## Work instruction:
When you reach the line in the listing below that contains "Comfortable Travel Pillow", begin returning lines exactly as written, and stop after the line that contains "2026년 어린이집지원사업 사업설명회". Return no other lines.

## Supplied information:
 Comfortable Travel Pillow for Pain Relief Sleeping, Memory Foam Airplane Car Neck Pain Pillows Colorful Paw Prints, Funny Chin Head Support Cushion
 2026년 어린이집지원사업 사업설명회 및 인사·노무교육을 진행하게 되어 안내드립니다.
* * *
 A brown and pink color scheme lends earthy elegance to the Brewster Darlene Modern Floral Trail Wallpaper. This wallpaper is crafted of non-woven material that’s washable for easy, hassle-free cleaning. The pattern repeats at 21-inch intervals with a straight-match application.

## Task output:
 Comfortable Travel Pillow for Pain Relief Sleeping, Memory Foam Airplane Car Neck Pain Pillows Colorful Paw Prints, Funny Chin Head Support Cushion
 2026년 어린이집지원사업 사업설명회 및 인사·노무교육을 진행하게 되어 안내드립니다.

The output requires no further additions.